Anthea Butler writes on Religion Dispatches:
The misplaced missionary impulse to save the heathen children and impart “civilization” by loading a bunch of Haitian kids in a bus and heading for a resort with a swimming pool, to share the “good news” and be adopted, is simply ludicrous. No reputable missions organization works that way. Still, despite the group’s irresponsible and crude behavior, I suspect that many in America thought that the missionaries would be on a transport home by now.Frankly, if anyone in the group had even bothered to read Haiti’s Wikipedia page, they might have thought twice about a plan to take Black children out of the country without paperwork. By disregarding even the most basic history of slavery, missions, or colonial activity in Haiti, their missionary impulse failed them miserably. With all of the missions already on the ground in Haiti, what made them think they could just take children out of the country? The ignorance and naïveté of this group is staggering, except when considered from the perspective of the evangelical imperative of Go ye into all the world.

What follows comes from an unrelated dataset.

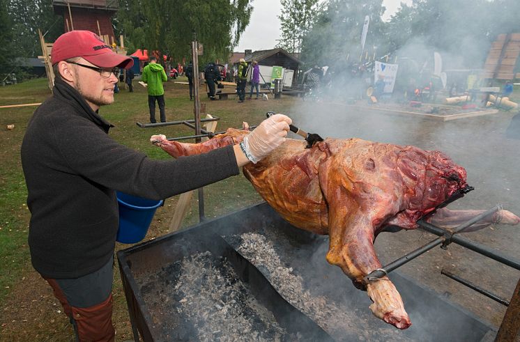 Helgrillet villsvin var noe mange ville smake på under jakt- og fiskdagene. Simen Skavern fra SKogselskapet var grillmester, da dette villsvinet ble slaktet og grillet som del av et villsvinseminar.

Last time I checked, however, that scripture did not mean take children and make them Christians by spiriting them away to be adopted by other families.
Unfortunately, Missions history shows otherwise. In the United States, and many other countries, families of non-Christian groups were subjected to Christian missionaries in the nineteenth and twentieth century who took children away for adoptions or at the very least to attend church schools. Many were never reunited with their parents, and some came to hate their parents as a result of the indoctrination. Haitians are well attuned to missionaries as several missions’ organizations have been in the country for more than fifty years. So before the Haitian government is criticized for arresting the New Life group, remember: they understand what it is like to have the United Nations and many religious relief organizations operating within their country—and they know what’s legal.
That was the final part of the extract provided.